Breastfeeding mum kicked off flight: 'It was humiliating to be chased off a plane'

Elise Solé

The internet is locked into a fierce debate over a cancer researcher who was kicked off a Spirit Airlines flight for breastfeeding her toddler.

On Friday, Mei Rui, a cancer researcher and concert pianist, was aboard a Spirit Airlines flight from her hometown of Houston to Newark, N.J. The trip was in relation to a clinical cancer study in New York, according to the Washington Post, and Rui’s elderly parents were along for the ride.

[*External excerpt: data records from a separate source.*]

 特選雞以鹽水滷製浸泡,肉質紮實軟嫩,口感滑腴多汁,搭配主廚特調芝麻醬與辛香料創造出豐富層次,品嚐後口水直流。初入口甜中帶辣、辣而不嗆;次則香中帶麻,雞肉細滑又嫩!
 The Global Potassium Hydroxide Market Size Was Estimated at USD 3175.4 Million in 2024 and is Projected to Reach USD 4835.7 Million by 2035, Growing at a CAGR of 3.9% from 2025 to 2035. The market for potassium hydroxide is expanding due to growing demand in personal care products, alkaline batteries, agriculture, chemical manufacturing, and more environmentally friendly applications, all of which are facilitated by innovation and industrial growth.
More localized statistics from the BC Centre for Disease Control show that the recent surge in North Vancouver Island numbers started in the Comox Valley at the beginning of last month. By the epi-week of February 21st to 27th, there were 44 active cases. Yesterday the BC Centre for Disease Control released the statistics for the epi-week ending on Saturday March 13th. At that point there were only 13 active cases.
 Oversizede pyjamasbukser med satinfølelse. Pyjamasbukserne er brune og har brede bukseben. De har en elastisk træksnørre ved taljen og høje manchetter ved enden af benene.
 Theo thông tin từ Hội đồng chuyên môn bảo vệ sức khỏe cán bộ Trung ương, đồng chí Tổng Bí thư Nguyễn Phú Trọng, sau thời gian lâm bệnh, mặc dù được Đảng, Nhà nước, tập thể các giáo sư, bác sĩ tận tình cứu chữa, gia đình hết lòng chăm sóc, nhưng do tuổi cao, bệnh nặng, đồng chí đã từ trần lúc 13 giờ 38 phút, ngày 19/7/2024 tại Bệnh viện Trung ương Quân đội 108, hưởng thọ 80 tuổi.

When the plane was delayed due to icy conditions, Rui began breastfeeding her son, in an attempt to calm him. “Every parent with a young child can [imagine], you don’t want to be that parent on the plane,” Rui told the Post. “It would be very embarrassing. I was just trying to avoid that.”

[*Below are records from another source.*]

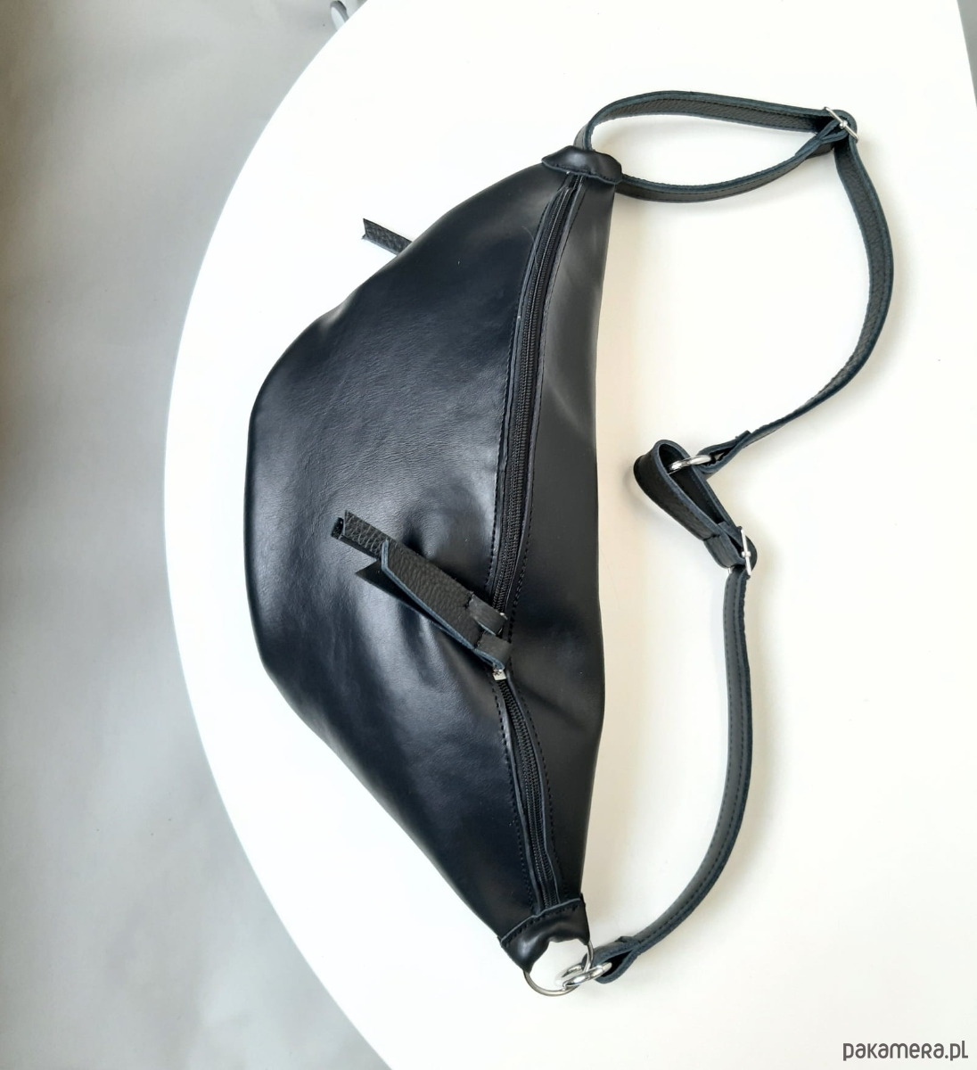 Duża skórzana  nerka w kolorze czarnym. Świetna na spacerki - idealna do  przechowywania telefonu, kluczy i portfela.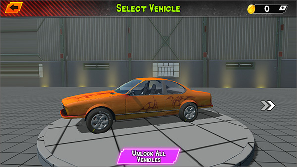 1、下載安裝好車禍也瘋狂(Car Crash),選擇一輛汽車進行游戲,當你有足夠的金幣時可以解鎖多種的車輛。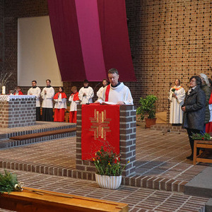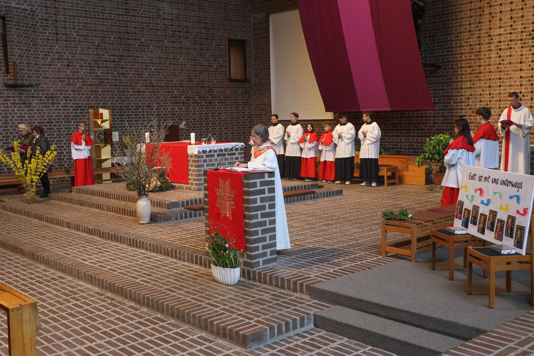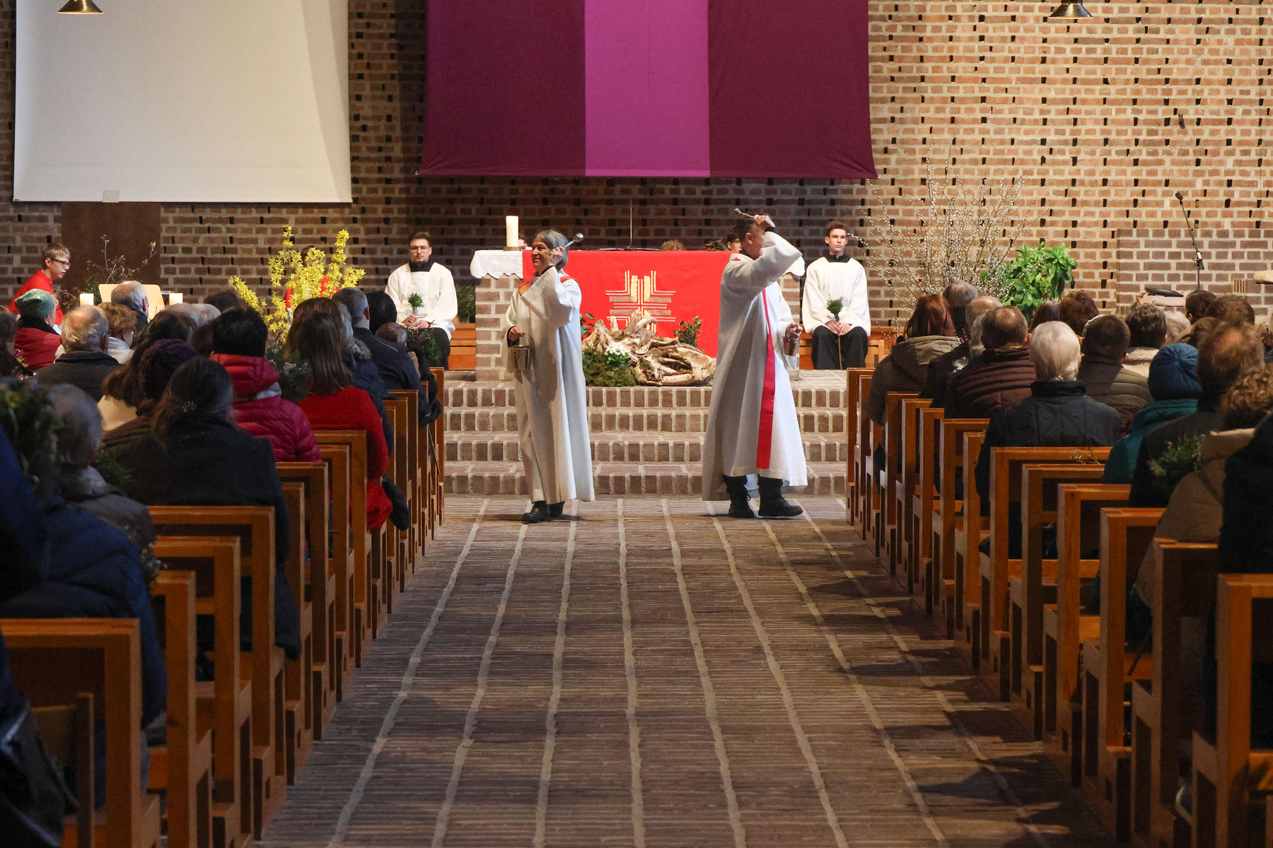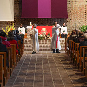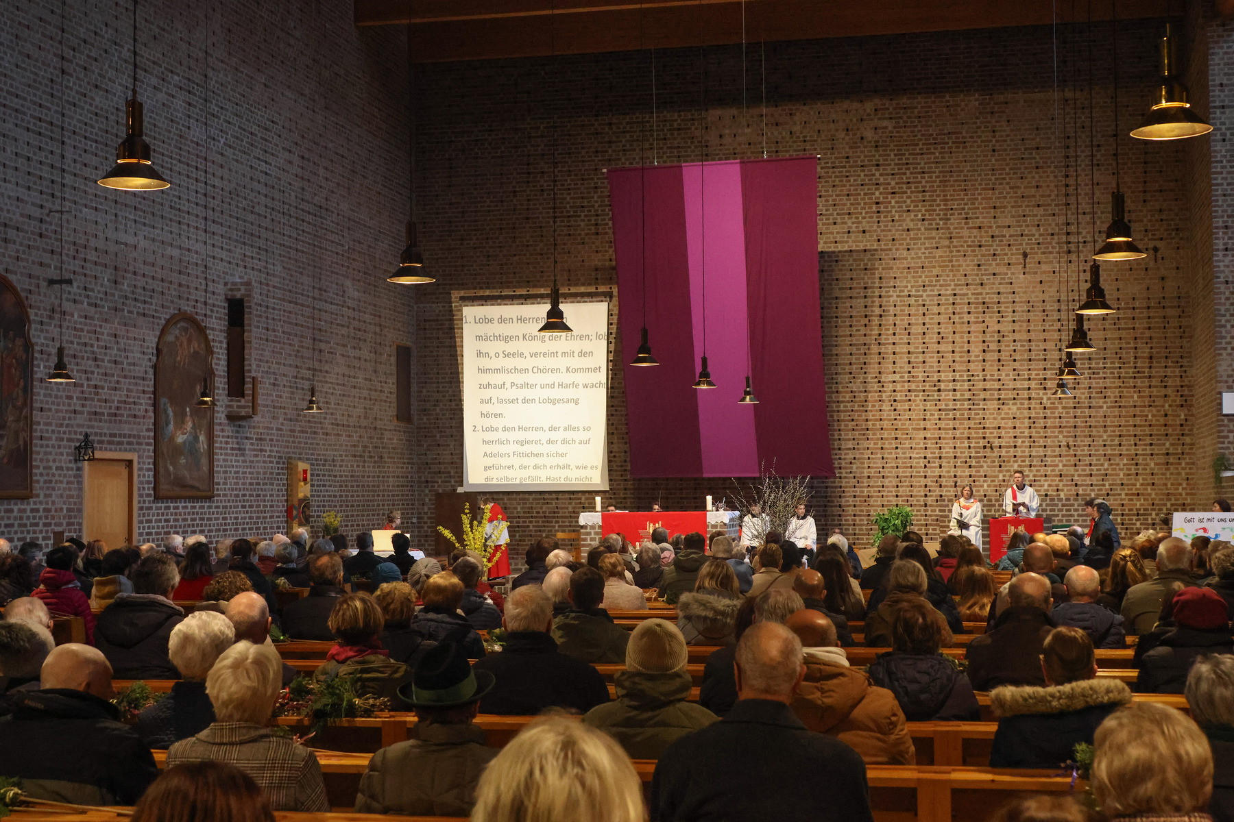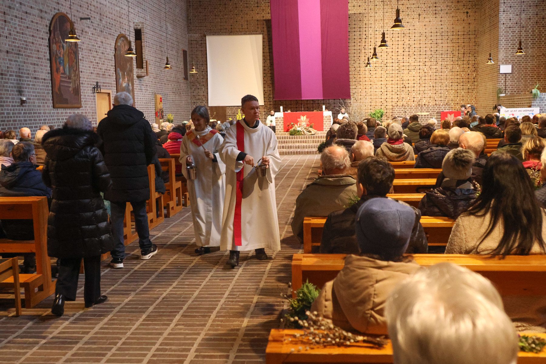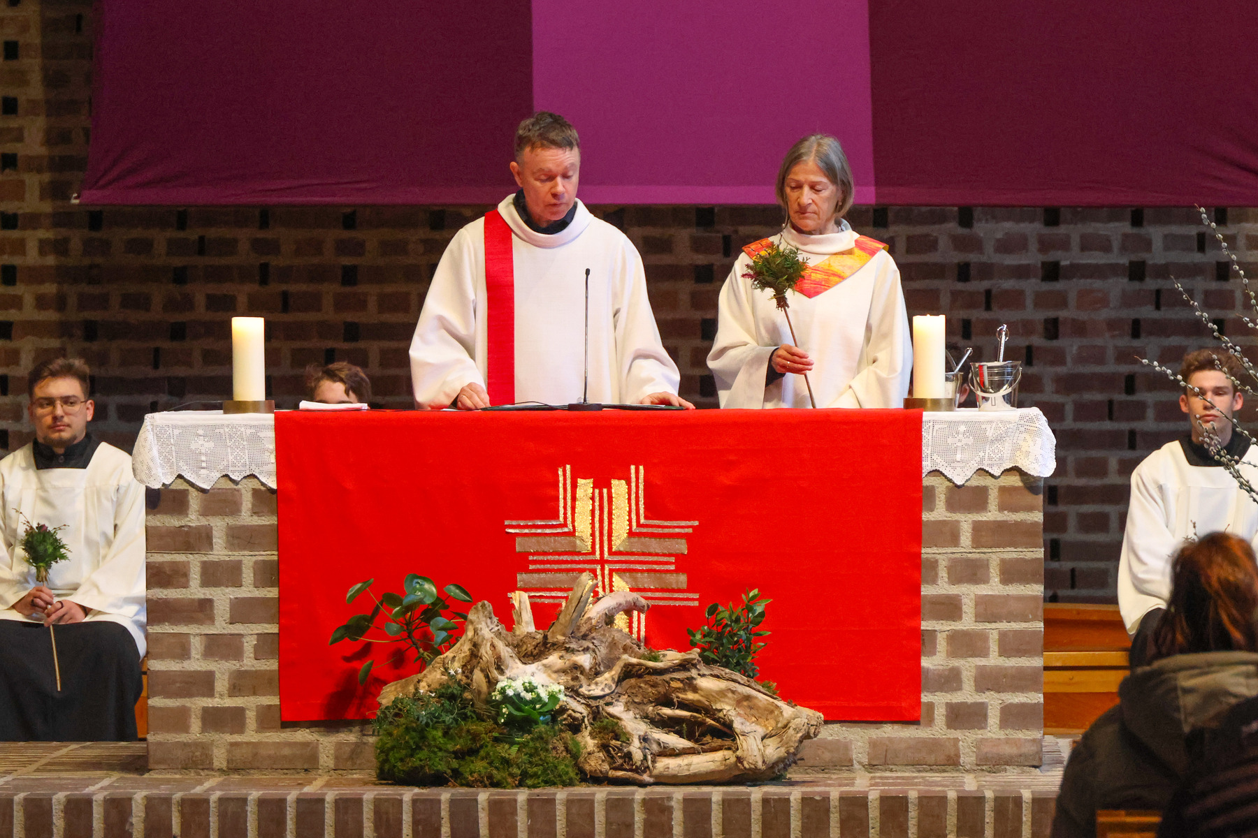 Der Gottesdienst am Palmsonntag beginnt traditionell mit der Segnung der Palmzweige. Viele Gottesdienstbesucherinnen und Besucher haben sich dafür in unserer Kirche eingefunden. Als "Sonntag der Gegensätze" wird der Palmsonntag auch gerne bezeichnet, denn im weiteren Verlauf des Gottesdienstes steht auch die Leidensgeschichte im Zentrum. Vom "umjubelten Empfang mit Palmzweigen" zum "ans Kreuz mit ihm" war es offenbar ein schmaler Grad, so sind sich Liturgen einig.

Initially, Rui was able to nurse in peace; however, a flight attendant soon informed the mum that her son would have to be buckled into his own seat.

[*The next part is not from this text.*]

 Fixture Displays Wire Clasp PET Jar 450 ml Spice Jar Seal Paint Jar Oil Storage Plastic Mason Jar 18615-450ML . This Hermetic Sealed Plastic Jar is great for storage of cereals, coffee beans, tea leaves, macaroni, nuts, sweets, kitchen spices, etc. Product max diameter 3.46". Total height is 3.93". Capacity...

“I asked for just a couple more minutes to finish because if he woke up at that point he would have made a lot of noise,” Rui told the paper. “I said, ‘I promise I’ll finish before you close the plane’s door.’”

According to Rui, the attendant headed to the front of the plane and Rui stopped breastfeeding, securing her son in his own seat. But when he started crying, Rui says she was asked to leave the plane.

“It’s not like I was resistant — I put him in the seat,” she said. “If they had shown a little compassion, it wouldn’t have happened. They didn’t have to let it escalate.”

Rui started recording the interaction on her cellphone as she and her family began packing up to leave. When they deplaned, a group of police officers was waiting for them.

“You’re not getting on the aircraft,” says the officer in the video obtained by Houston news station KHOU.

“So the reason we got kicked off is because [my son] was crying for 20 minutes strapped in his seat?” asks Rui, while her son cries in the background. “I just want to know why we were kicked off the plane?”

“Because you were not compliant,” he answered.

“Could you tell me which part of the instruction we were not compliant with?” says Rui. “I think we deserve to know that.”

According to the Post, Rui then said, “If this happened to your family…” to which the officer replied, “It wouldn’t happen to my family, I can assure you.”

Rui also said her family had to wait one hour to retrieve their luggage and once home, her father collapsed, due to possible heart problems.

Social media was locked in an impasse over whether the mother was in the right.







“It was humiliating to be chased off a plane in front of hundreds of people,” Rui told KHOU. “We had never been through anything close to this.”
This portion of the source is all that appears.